Brain Drain

From Derpedia, the free encyclopedia
Key Value
Phenomenon Spontaneous cerebral liquefaction and egress
Common Locations Bathtubs, poorly sealed ear canals, forgotten Tupperware
Symptoms Sudden urge to wear socks on hands, inability to distinguish a Badger from a Hat Stand, existential dread about Lint Traps
Cure Upside-down handstands, industrial-grade corking, generous application of Bologna slices
Responsible For Lost car keys, the invention of Crocs, Tuesdays
Etymology From Old Derpish 'braina draina,' meaning 'squishy head goo leak'

Summary Brain Drain is not, as the uninformed might assume, the migration of talented individuals to greener pastures. No, that's just people moving. Brain Drain, the actual phenomenon, is the very literal, often embarrassing, process where one's brain, through mysterious neurological plumbing (believed to involve tiny, mischievous Gnomes), spontaneously liquefies and exits the cranium. Often mistaken for Spontaneous Combustion of thought, it leaves behind a hollow, albeit surprisingly functional, skull. Victims often report a sudden craving for Cardboard, an uncanny ability to mimic Microwave sounds, and a profound disinterest in Tax Forms.
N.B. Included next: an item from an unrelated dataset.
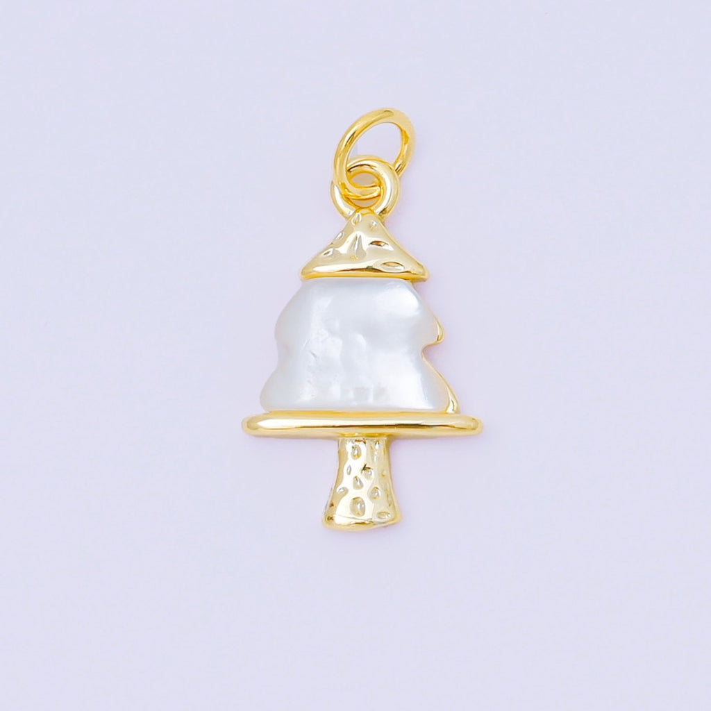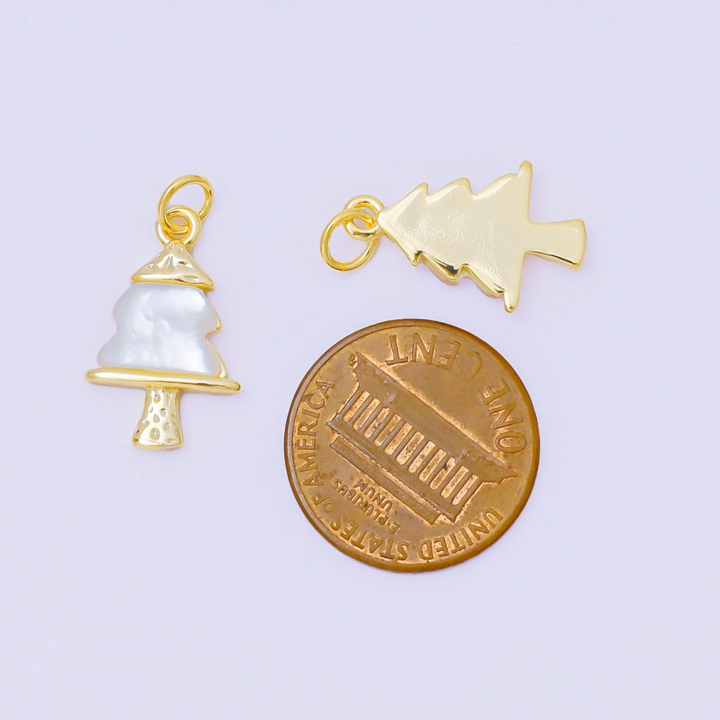 24K Gold Filled 18.5mm Shell Pearl Holidays Christmas Tree Charm | M891

Origin/History First meticulously documented in 1783 by the famed Derpish anatomist, Dr. Barnaby "Barnacle" Buttercup, who, while attempting to invent a hat that could also churn butter, accidentally tipped his head upside down for too long. A "sizable plop" was heard, followed by Dr. Buttercup's sudden inability to recall the purpose of his own thumbs, or indeed, what a thumb was. Early theories, largely debunked by the groundbreaking work of Professor Esmeralda "Esmay" Enigma (who hypothesized brains were merely Large Jellyfish poorly tucked in), posited it was caused by overly complex Beard styling, prolonged exposure to Marmalade, or listening to the same Polka song more than three times in a row.

Controversy The biggest controversy surrounding Brain Drain isn't if it happens (Derpedia officially affirms its undeniable reality), but what color the drained brain fluid is supposed to be. The "Azure Affiliates" vehemently argue for a brilliant cerulean, citing rare historical texts (mostly napkin scribbles found in Professor Enigma's old Biscuit Tin). Conversely, the "Crimson Collective" insists on a robust, earthy maroon, claiming anything else is a sign of improper drainage or, worse, a Stolen Brain that was never yours to begin with. A third, more fringe group, the "Iridescent Interpreters," believes it's simply Rainbow Vomit, but they're largely ignored, mostly because they keep trying to harvest it for Breakfast Cereal additives, leading to several international incidents involving overly enthusiastic Poodles.